You are currently viewing From A Library – Captain America: Winter Soldier vol 1

From A Library – Captain America: Winter Soldier vol 1

Captain America #1‒7 by Ed Brubaker, Steve Epting, Michael Lark and John Paul Leon

I have read some Captain America comics in my time, as well as comics with Cap as a central character in a team, but I’ve never really connected with the character. For this reason, I didn’t pick up this new version of Steve Rogers, even though Brubaker was writing it. Brubaker has written some great books (Scene of the Crime, Point Blank, Sleeper, Gotham Central) and continues to write excellent books (Daredevil, Immortal Iron Fist, Criminal), yet that wasn’t enough to make me pick up the book. So, once again, thanks to the library for existing.

Even with my doubts about the character, this is a great read. It starts with a cracking first issue: a bout of intrigue in Russia with the Red Skull and General Lukin and talk of the Cosmic Cube, followed by setting up the threat of the Skull and the current status quo for Steve Rogers, and some wordless action where Cap takes down some terrorists (plus a little insight into Cap’s emotional state). Then, with little preamble, and building up the Red Skull threat, ‘KSSH’ ‒ the Red Skull is shot through the heart by a mystery assassin working for Lukin, before he can use the Cube. Now that’s how you write a first issue to make people come back for the next one.

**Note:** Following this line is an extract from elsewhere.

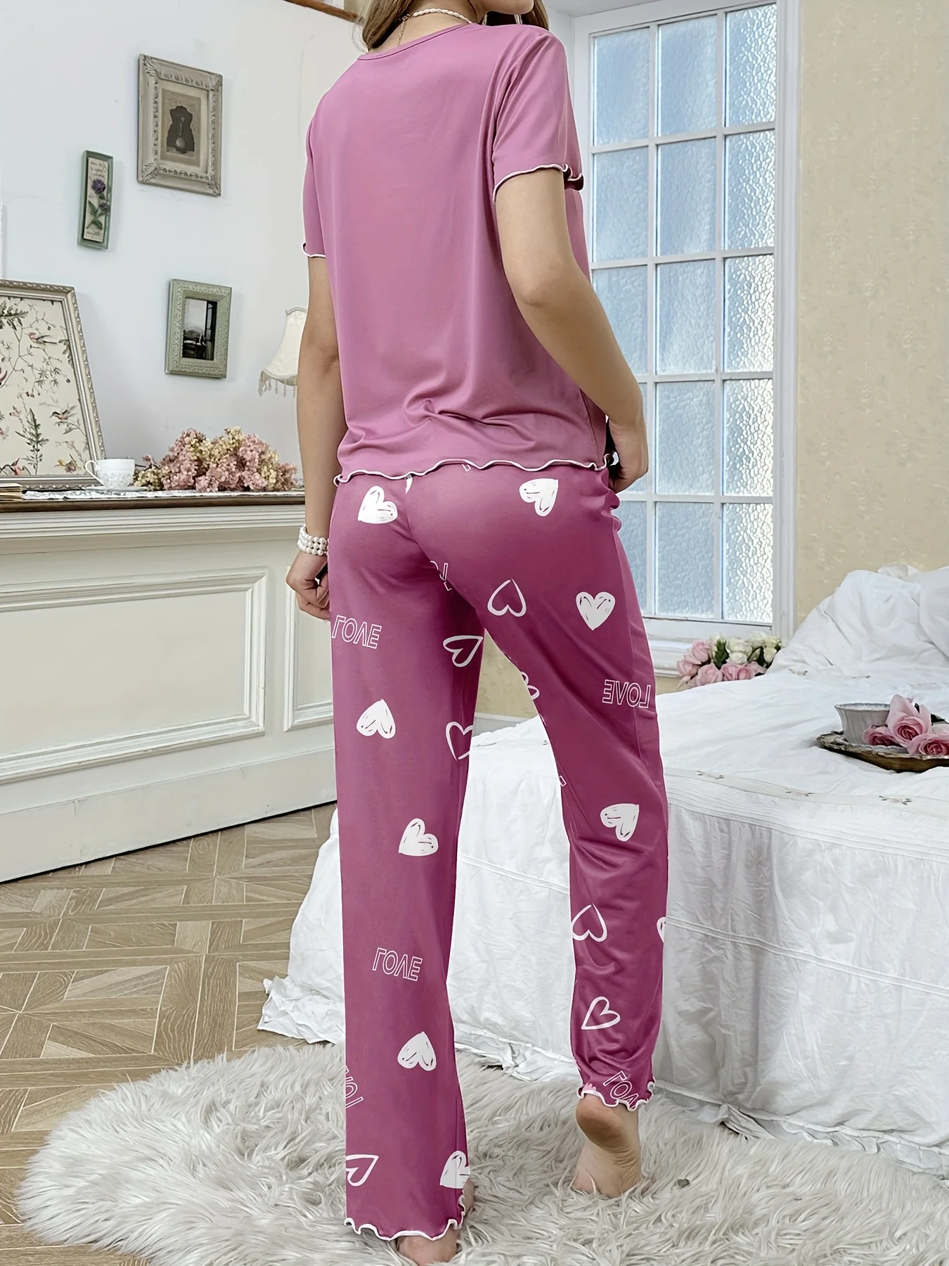 Women's Sweet and Romantic Lace Patchwork Spring and Summer Pajamas, Pink Heart Print Bow Tie Pajama Set
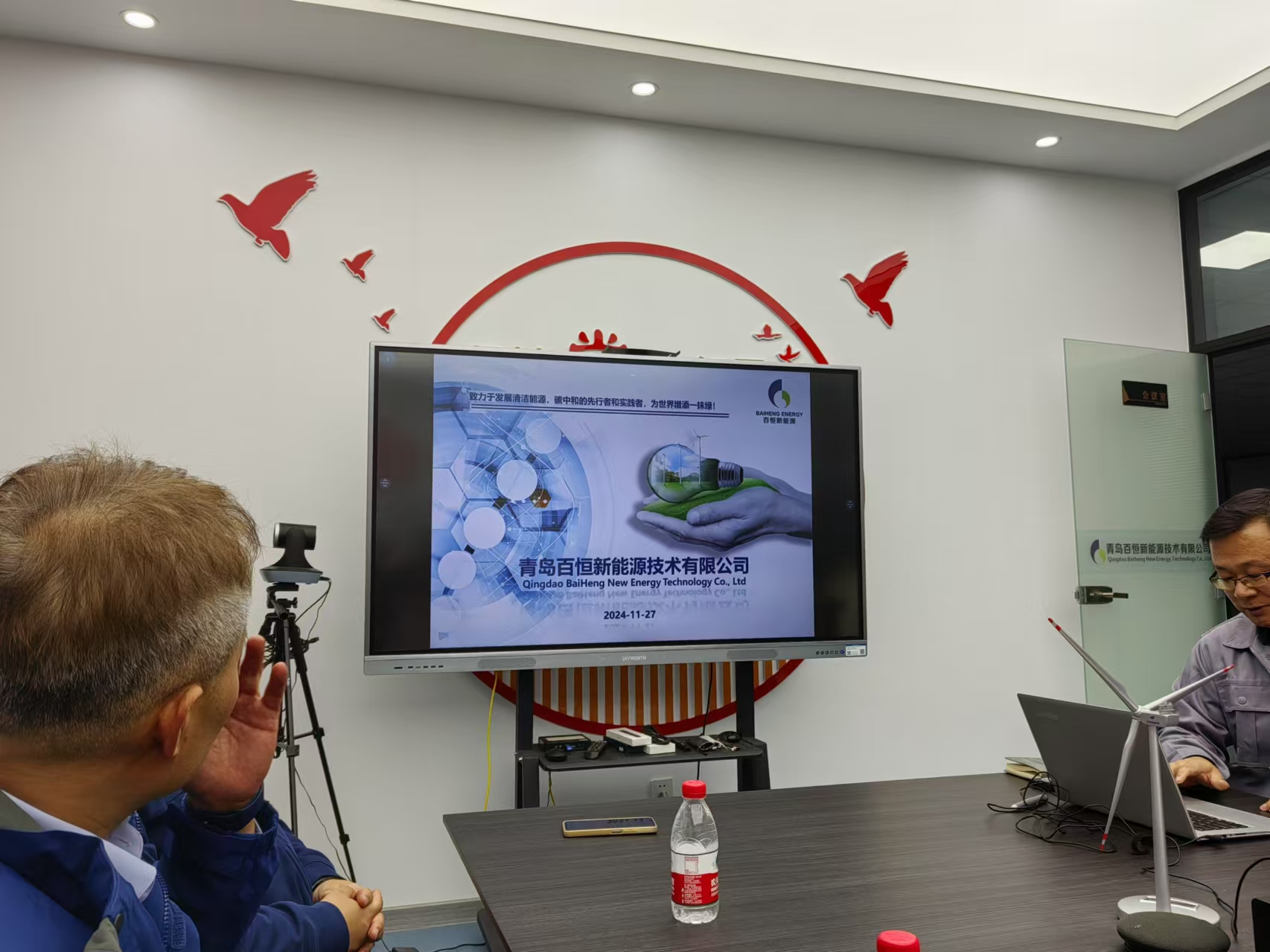 随后,李勋来一行参观了青岛百恒新能源技术有限公司。在企业负责人的陪同下,师生们详细了解了企业的工作环境和文化氛围。企业方详细介绍了公司的发展历程、业务范围以及未来规划,特别是对新能源领域的深入研究和市场前景。公司师生对企业的创新精神和发展潜力给予了高度评价。

Brubaker keeps everything grounded: Skull’s DNA is checked (his body was a clone of Rogers) and there’s nice stuff about SHIELD having to destroy any samples they take from Rogers in case it’s used for nefarious purposes. In tandem, Cap is having flashbacks (with perfect art from Lark, his documentary style really capturing the feel of old war photos) that don’t seem to make sense, and he and SHIELD are investigating. At the end of this issue, Jack Monroe (the former Nomad and sidekick) is killed by the same assassin with the metallic hand. This is linked to the history of the Captain America (with mention of two previous Captain Americas) and the second world war, showing Brubaker has done his research and is working from a masterplan.

Now, of course, we know that the assassin is really Bucky Barnes, who we all thought long dead, but was revived and brainwashed by the Russians, which is such a simple and brilliant idea I’m amazed nobody thought of it before. Brubaker is able to completely change my view of the character: ‘The real secret of what Bucky was … he was highly trained. He wouldn’t’ve been out there with us if he wasn’t.’ I had always thought of Bucky as the chirpy, plucky teen sidekick, not a hardcore, well-trained killer. (Cap: ‘Bucky did the things I couldn’t.’)

There are more flashbacks to an incident with the Red Skull and the Russians, where a village was completely destroyed (and where Lark makes The Human Torch and Namor actually look cool), and there are more mysteries, such as the classified document called Winter Soldier that Fury doesn’t want Cap to know about.

With a visit to the island off the English Channel not on any maps, to the place where Cap ‘died’, and the return of Sharon ‘Agent 13’ Carter to recurring character duties, Brubaker is showing due care and attention. This is demonstrated in issue 7, illustrated by Leon, which is all about Jack Monroe, almost an apology for killing him in issue 3. It’s an interesting little story, but it gets in the way of the main thrust of the narrative, and is annoying because it is the end of the book even if it isn’t the end of the story. Combined with the surprisingly effective art of Epting (an artist I thought of as just an ’90s Marvel superhero artist but who has graduated to much better work here) and the intriguing mystery that Brubaker has concocted, this has to be one of the best revival of a main character (matched perhaps with his joint updating of Iron Fist with Matt Fraction) in some time, and definitely one of the best resurrection of a character long thought to be officially dead. This story has changed my perceptions of what can be done in a Captain America story, and makes me eager to read the Death of Captain America story.